Dr. Chatterjee: I think we still have a while — perhaps 10 years —  to sort a few things out before polygenic risk scores can become part of routine care. There are a lot of questions we need to address. First, how much it will cost and who will pay for it? Beyond the costs, what kind of data do we need to convince insurance companies and employers of the value of polygenic risk scores in healthcare? Also how do we reassure the public that the information will not be misused? Finally, how will the information be communicated so that it does not create either a sense of false alarm or reassurance? These are just a few thoughts that come to my mind.

Actionable?

Do you think in the current state, these risk models offer people actionable information?

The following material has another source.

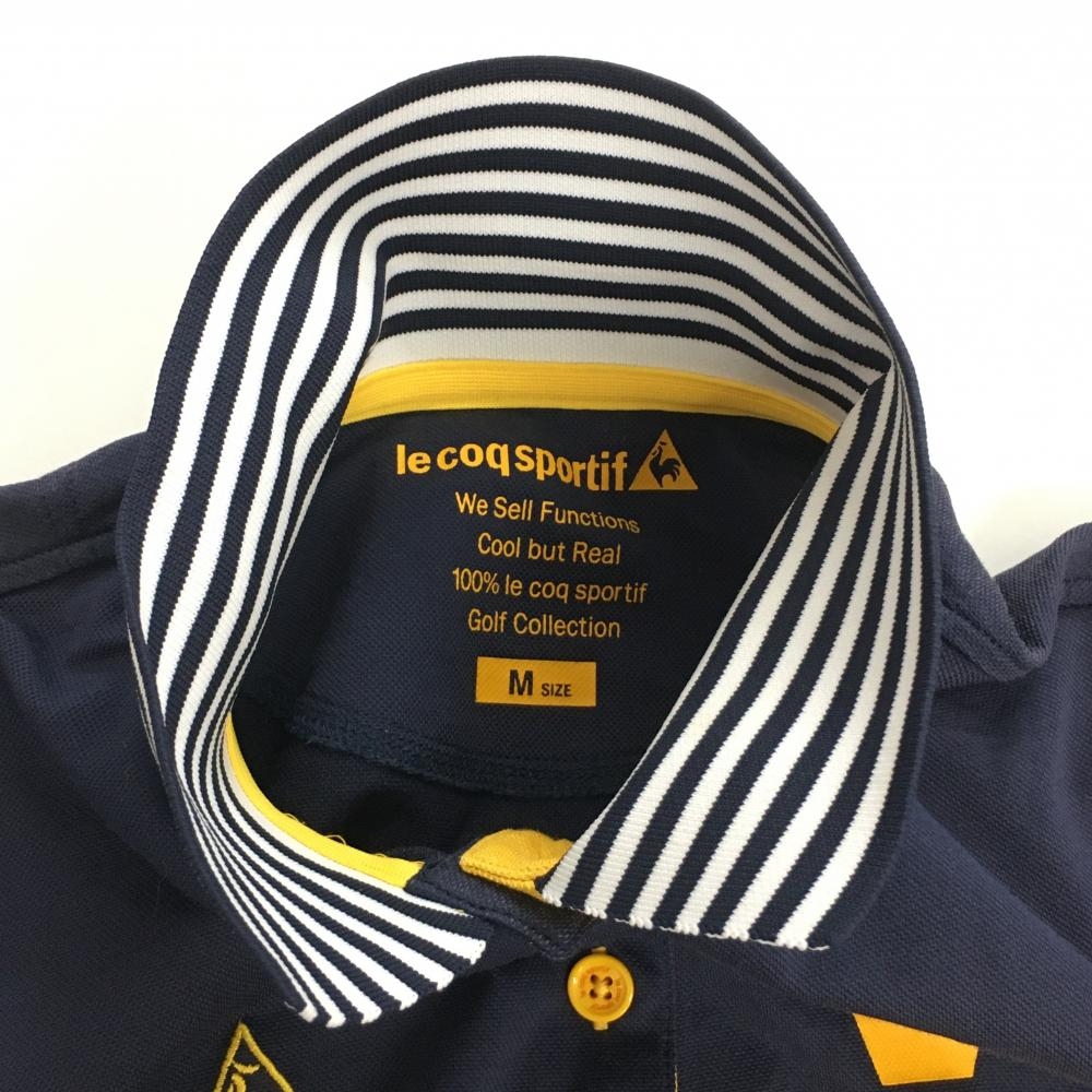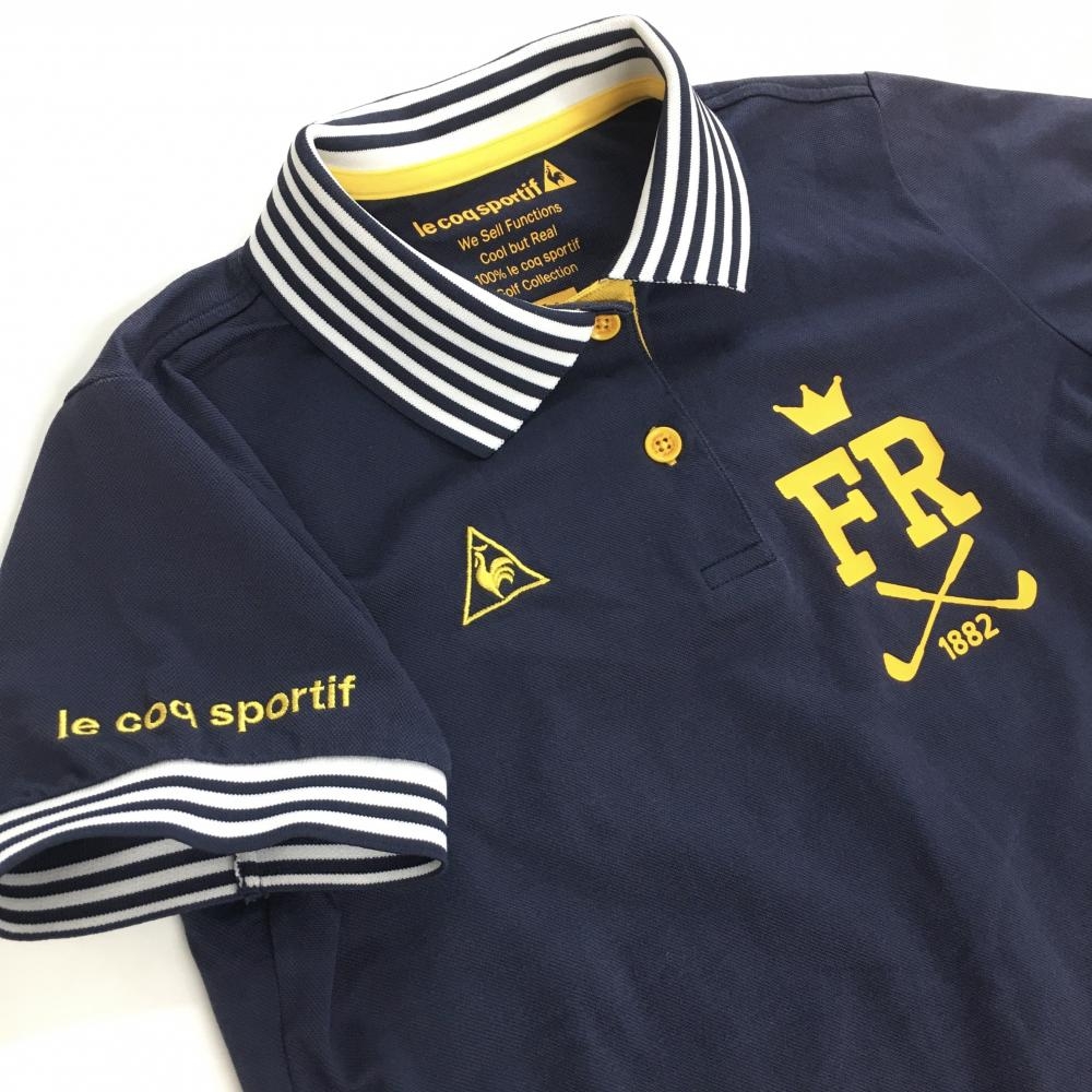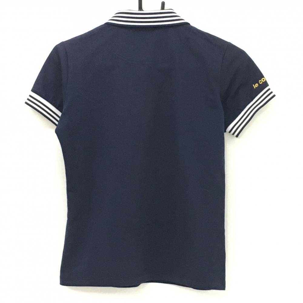 ルコック 半袖ポロシャツ ネイビー×白 ネック・袖口ボーダー レディース M ゴルフウェア le coq sportif

Dr. Chatterjee: Yes I do think some models, which are well validated, could generate useful information now to guide preventive action. That said,  given the current popularity of PRS and risk models in general, I am also wary that there could be many risk models out there that is not properly validated and could generate misinformation.

What are your thoughts about 23andMe’s use of polygenic score for Type 2 Diabetes?

Dr. Chatterjee: I am somewhat familiar with 23andMe’s Type-2 diabetes report The underlying methodology used is sound and the data as well as other data shows that a PRS for type-2 diabetes can provide meaningful risk-stratification for individuals especially given that it’s a relatively common outcome. In the future, more effort is needed to improve performance of PRS using additional GWAS studies, specifically for non-European populations.

What are some strategies for including more data from non-Europeans to make  polygenic risk models more broadly applicable?

Dr. Chatterjee: Well of course we need more GWAS for non-European populations. Nevertheless, in most cases complex diseases have  a lot of shared genetic background across different ethnic populations. So we should do everything possible to exploit available data across multiple-ethnic groups to develop polygenic risk scores which are optimized for different ethnic populations. More research is needed  in developing methodologies in this area.

Dr. Nilanjan Chatterjee, Ph.D., is a Bloomberg Distinguished Professor of Biostatistics and Medicine at Johns Hopkins University. Dr. Chatterjee’s opinions expressed here are his own, and not Johns Hopkins University’s. In addition, he has not been compensated by 23andMe for his participation in this interview and he has no other financial interest in 23andMe.